» What the task asks
Transcribe the full listing, keeping every word as it stands.

» Data supplied

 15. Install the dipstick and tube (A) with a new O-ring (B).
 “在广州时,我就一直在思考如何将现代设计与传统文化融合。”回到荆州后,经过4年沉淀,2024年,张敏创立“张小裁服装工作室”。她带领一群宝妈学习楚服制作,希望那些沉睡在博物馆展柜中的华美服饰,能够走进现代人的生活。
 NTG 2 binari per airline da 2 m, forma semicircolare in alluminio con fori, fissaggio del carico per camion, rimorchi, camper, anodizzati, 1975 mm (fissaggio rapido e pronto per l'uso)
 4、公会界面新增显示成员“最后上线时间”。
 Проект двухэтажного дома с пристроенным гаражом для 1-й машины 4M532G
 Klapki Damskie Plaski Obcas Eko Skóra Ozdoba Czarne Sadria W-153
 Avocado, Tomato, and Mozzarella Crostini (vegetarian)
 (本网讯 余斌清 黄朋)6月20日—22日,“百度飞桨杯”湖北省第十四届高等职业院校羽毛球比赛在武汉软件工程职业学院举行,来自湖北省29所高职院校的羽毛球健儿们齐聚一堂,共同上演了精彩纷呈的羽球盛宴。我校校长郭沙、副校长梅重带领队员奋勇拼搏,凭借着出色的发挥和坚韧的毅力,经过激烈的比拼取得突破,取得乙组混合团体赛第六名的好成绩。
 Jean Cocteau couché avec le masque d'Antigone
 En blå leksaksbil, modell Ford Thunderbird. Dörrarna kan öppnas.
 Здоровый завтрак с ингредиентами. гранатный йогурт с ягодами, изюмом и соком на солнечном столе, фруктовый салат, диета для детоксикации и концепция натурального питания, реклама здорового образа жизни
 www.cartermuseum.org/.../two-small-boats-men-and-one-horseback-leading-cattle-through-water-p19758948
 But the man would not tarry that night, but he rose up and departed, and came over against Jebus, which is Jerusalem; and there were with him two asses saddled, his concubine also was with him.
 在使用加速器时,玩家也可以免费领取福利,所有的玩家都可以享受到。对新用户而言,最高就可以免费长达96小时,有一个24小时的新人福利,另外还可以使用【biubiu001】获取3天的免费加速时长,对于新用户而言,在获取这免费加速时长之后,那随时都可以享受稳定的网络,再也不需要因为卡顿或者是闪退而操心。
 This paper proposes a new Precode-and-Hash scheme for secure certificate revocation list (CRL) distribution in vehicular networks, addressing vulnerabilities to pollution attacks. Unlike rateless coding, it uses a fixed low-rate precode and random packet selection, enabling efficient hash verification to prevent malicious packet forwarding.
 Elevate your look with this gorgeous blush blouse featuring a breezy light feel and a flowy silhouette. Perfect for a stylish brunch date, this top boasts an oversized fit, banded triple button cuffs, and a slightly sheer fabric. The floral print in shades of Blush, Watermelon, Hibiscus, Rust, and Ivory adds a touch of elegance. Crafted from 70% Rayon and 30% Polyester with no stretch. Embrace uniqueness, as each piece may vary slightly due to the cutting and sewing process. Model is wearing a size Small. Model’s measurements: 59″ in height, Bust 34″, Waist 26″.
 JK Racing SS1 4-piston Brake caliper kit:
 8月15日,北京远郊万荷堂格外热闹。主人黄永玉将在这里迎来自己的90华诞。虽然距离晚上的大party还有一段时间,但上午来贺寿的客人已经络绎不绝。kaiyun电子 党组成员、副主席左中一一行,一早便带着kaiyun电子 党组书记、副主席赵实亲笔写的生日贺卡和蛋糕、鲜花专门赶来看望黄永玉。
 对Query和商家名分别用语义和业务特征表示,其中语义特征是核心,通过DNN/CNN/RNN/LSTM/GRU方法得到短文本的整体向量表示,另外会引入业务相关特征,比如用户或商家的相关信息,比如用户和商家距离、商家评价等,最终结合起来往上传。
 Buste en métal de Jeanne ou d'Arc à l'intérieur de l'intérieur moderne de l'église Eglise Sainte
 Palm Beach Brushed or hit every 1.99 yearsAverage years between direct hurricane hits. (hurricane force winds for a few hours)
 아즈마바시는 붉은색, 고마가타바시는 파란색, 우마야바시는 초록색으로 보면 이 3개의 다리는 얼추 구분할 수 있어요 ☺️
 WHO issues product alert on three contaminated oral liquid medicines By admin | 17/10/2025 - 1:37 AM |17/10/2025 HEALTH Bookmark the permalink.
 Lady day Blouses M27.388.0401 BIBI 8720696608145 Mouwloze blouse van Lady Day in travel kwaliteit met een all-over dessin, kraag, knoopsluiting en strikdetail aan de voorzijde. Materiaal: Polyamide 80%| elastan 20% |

» Result for this task
 15. Install the dipstick and tube (A) with a new O-ring (B).
 “在广州时,我就一直在思考如何将现代设计与传统文化融合。”回到荆州后,经过4年沉淀,2024年,张敏创立“张小裁服装工作室”。她带领一群宝妈学习楚服制作,希望那些沉睡在博物馆展柜中的华美服饰,能够走进现代人的生活。
 NTG 2 binari per airline da 2 m, forma semicircolare in alluminio con fori, fissaggio del carico per camion, rimorchi, camper, anodizzati, 1975 mm (fissaggio rapido e pronto per l'uso)
 4、公会界面新增显示成员“最后上线时间”。
 Проект двухэтажного дома с пристроенным гаражом для 1-й машины 4M532G
 Klapki Damskie Plaski Obcas Eko Skóra Ozdoba Czarne Sadria W-153
 Avocado, Tomato, and Mozzarella Crostini (vegetarian)
 (本网讯 余斌清 黄朋)6月20日—22日,“百度飞桨杯”湖北省第十四届高等职业院校羽毛球比赛在武汉软件工程职业学院举行,来自湖北省29所高职院校的羽毛球健儿们齐聚一堂,共同上演了精彩纷呈的羽球盛宴。我校校长郭沙、副校长梅重带领队员奋勇拼搏,凭借着出色的发挥和坚韧的毅力,经过激烈的比拼取得突破,取得乙组混合团体赛第六名的好成绩。
 Jean Cocteau couché avec le masque d'Antigone
 En blå leksaksbil, modell Ford Thunderbird. Dörrarna kan öppnas.
 Здоровый завтрак с ингредиентами. гранатный йогурт с ягодами, изюмом и соком на солнечном столе, фруктовый салат, диета для детоксикации и концепция натурального питания, реклама здорового образа жизни
 www.cartermuseum.org/.../two-small-boats-men-and-one-horseback-leading-cattle-through-water-p19758948
 But the man would not tarry that night, but he rose up and departed, and came over against Jebus, which is Jerusalem; and there were with him two asses saddled, his concubine also was with him.
 在使用加速器时,玩家也可以免费领取福利,所有的玩家都可以享受到。对新用户而言,最高就可以免费长达96小时,有一个24小时的新人福利,另外还可以使用【biubiu001】获取3天的免费加速时长,对于新用户而言,在获取这免费加速时长之后,那随时都可以享受稳定的网络,再也不需要因为卡顿或者是闪退而操心。
 This paper proposes a new Precode-and-Hash scheme for secure certificate revocation list (CRL) distribution in vehicular networks, addressing vulnerabilities to pollution attacks. Unlike rateless coding, it uses a fixed low-rate precode and random packet selection, enabling efficient hash verification to prevent malicious packet forwarding.
 Elevate your look with this gorgeous blush blouse featuring a breezy light feel and a flowy silhouette. Perfect for a stylish brunch date, this top boasts an oversized fit, banded triple button cuffs, and a slightly sheer fabric. The floral print in shades of Blush, Watermelon, Hibiscus, Rust, and Ivory adds a touch of elegance. Crafted from 70% Rayon and 30% Polyester with no stretch. Embrace uniqueness, as each piece may vary slightly due to the cutting and sewing process. Model is wearing a size Small. Model’s measurements: 59″ in height, Bust 34″, Waist 26″.
 JK Racing SS1 4-piston Brake caliper kit:
 8月15日,北京远郊万荷堂格外热闹。主人黄永玉将在这里迎来自己的90华诞。虽然距离晚上的大party还有一段时间,但上午来贺寿的客人已经络绎不绝。kaiyun电子 党组成员、副主席左中一一行,一早便带着kaiyun电子 党组书记、副主席赵实亲笔写的生日贺卡和蛋糕、鲜花专门赶来看望黄永玉。
 对Query和商家名分别用语义和业务特征表示,其中语义特征是核心,通过DNN/CNN/RNN/LSTM/GRU方法得到短文本的整体向量表示,另外会引入业务相关特征,比如用户或商家的相关信息,比如用户和商家距离、商家评价等,最终结合起来往上传。
 Buste en métal de Jeanne ou d'Arc à l'intérieur de l'intérieur moderne de l'église Eglise Sainte
 Palm Beach Brushed or hit every 1.99 yearsAverage years between direct hurricane hits. (hurricane force winds for a few hours)
 아즈마바시는 붉은색, 고마가타바시는 파란색, 우마야바시는 초록색으로 보면 이 3개의 다리는 얼추 구분할 수 있어요 ☺️
 WHO issues product alert on three contaminated oral liquid medicines By admin | 17/10/2025 - 1:37 AM |17/10/2025 HEALTH Bookmark the permalink.
 Lady day Blouses M27.388.0401 BIBI 8720696608145 Mouwloze blouse van Lady Day in travel kwaliteit met een all-over dessin, kraag, knoopsluiting en strikdetail aan de voorzijde. Materiaal: Polyamide 80%| elastan 20% |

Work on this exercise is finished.